Gauging Investor Sentiment with Twitter: New Update

Courtesy of Doug Short.

Advisor Perspectives welcomes guest contributions. The views presented here do not necessarily represent those of Advisor Perspectives.


The Downside Hedge Twitter Sentiment Indicator for the S&P 500 Index (SPX) continued to move higher this past week as traders tweeted about putting on more long positions and their belief that the market should continue to rally. Early in the week market participants were looking for lower prices that they could buy. On Wednesday their tweets became more positive as many felt the small correction was merely profit taking and most likely over. Many were encouraged by SPX holding above 1450. As SPX moved back up into the 1465 to 1475 range traders became more cautious, creating a negative divergence with price on the daily indicator.

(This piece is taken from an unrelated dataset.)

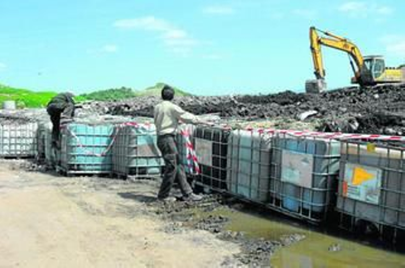 Los agentes de Medio Ambiente y una empresa externa verifican el tratamiento de las cubas que estaban enterradas en la planta Se han evacuado 4.000 metros cúbicos de lixiviados

In our previous update we noted that smoothed sentiment was diverging from price, which led us to conclude that the most likely near term direction was down, but any consolidation shouldn’t do much damage in price. The market performed as expected, and now a week later smoothed sentiment continues its negative divergence from price; however, it is also moving higher. This suggests that the market should grind slowly higher or may need just a bit more consolidation before SPX can break above 1475.

Twitter support levels rose this week with the majority of tweets clustered in the 1440 to 1450 area, making it major support and a level the bulls need to see hold. Another small layer of support still exists at 1420, but below that it’s all white space. This suggests that traders aren’t even considering a trip back to the 1400 level.

Above the market there is still strong resistance right at 1475 on SPX, and another cluster is building in the 1490 to 1500 area. There were a large number of tweets for 1490 and 1492 which referenced a major top call from Tom DeMark of Market Studies. For more on that call, see this Bloomberg video clip.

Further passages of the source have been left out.